Assign: Sunday 16 February
Checkpoint: aim to complete Q1, Q2, and Q4 by by the end of the day Thursday 20 February
Due: Tuesday 25 February
Policy: Individual graded synthesis assignment
Submit: Upload a PDF written on the cs240-arch-worksheet-blank-S25.pdf submission sheet
Reference:

Goals

To practice using combinational, arithmetic, and sequential logic.
To understand how to encode computation with low-level building block including multiplexers, flip-flops, and adders.
To master every piece of a simplified but representative instruction set architecture—the HW ISA.

Time reports

For a shorter version of this assignment in a previous semester, students self-reported the following times:

25% of students spent <= 5 hours.
50% of students spent <= 7 hours.
75% of students spent <= 10 hours.

Assignment: Architecture
- Time reports
Contents
Exercises
Submission

Exercises

Please write your answers on the cs240-arch-worksheet-blank-S25.pdf submission sheet to streamline the grading process. Submit your work by scanning a PDF of all worksheet pages (in order) and uploading it to Gradescope. Remember that this course uses your Gradescope account attached to your Wellesley email address (the variety that matches your username). You can merge accounts across multiple email addresses if helpful.

Notes:

This assignment is worth 103 points.

Q1. Universal Muxification of Gates [10 points]

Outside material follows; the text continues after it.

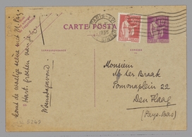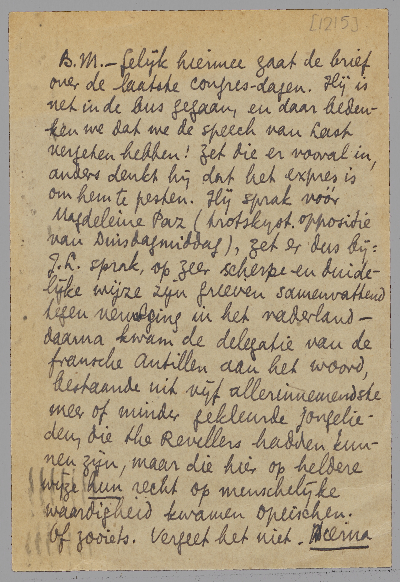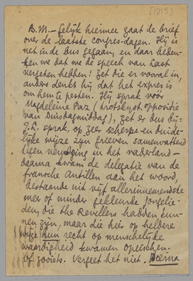 - Gelijk hiermee gaat de brief over de laatste congresdagen. Hij is net in de bus gegaan, en daar bedenken we dat we de speech van Last vergeten hebben! Zet die er vooral in, anders denkt hij dat het expres is om hem te pesten. Hij sprak vóór Magdeleine Paz (trotskyst. oppositie van Dinsdagmiddag), zet er dus bij: J.L. sprak, op zeer scherpe en duidelijke wijze zijn grieven samenvattend tegen vervolging in het vaderland - daarna kwam de delegatie van de fransche Antillen aan het woord, bestaande uit vijf allerinnemendste meer of minder gekleurde jongelieden, die the Revellers hadden kunnen zijn, maar die hier op heldere wijze hun recht op menschelijke waardigheid kwamen opeischen. Of zooiets. Vergeet het niet. Hierna komt de woelige scène met M. Paz.
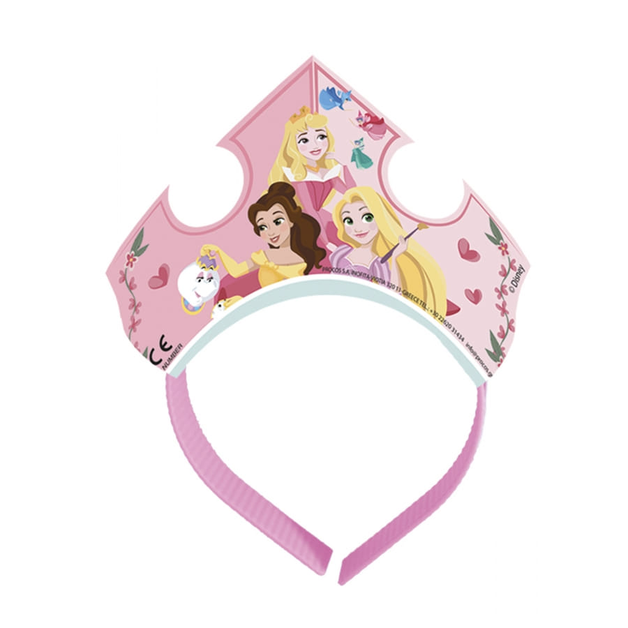 - 4 tiares consistant en un serre-tête surmonté d'une coiffe colorée imprimée des princesses de Disney.

Recall that a simple MUX (a 2:1 mux) has 3 inputs: a selector input S, and two choice inputs, labeled 0 and 1:

2:1 muxes are universal in the sense that any circuit can be implemented using just 2-to-1 muxes. In this problem, you will show this by using muxes to implement various gates. In each circuit, draw the specified number of 2:1 muxes and implement the given boolean expression. A mux input can be A, B, 0, 1, or the output of another device (e.g., another mux or a decoder). Be sure to label the S, 0, and 1 inputs of every mux.

[1 point] Use one 2:1 mux to implement NOT A (i.e. A').
[1 points] Use one 2:1 mux to implement A AND B (i.e. AB).
[2 points] Use two 2:1 muxes to implement A NOR B.
[3 points] [Independent] Use two 2:1 muxes to implement A XOR B.
[3 points] [Independent] Use one 2:4 decoder and one 2:1 mux to implement A XOR B. Recall that a 2:4 decoder looks like the following, and that only one of the four outputs is 1 (and the other three are 0) as is determined by the output label, which corresponds to the the two input bits $𝐵_1$ $𝐵_0$. E.g., the output labeled 01 is 1 when $𝐵_1$ is 0 and $𝐵_0$ is 1. (Hint: Not all output wires of the decoder need to be used.)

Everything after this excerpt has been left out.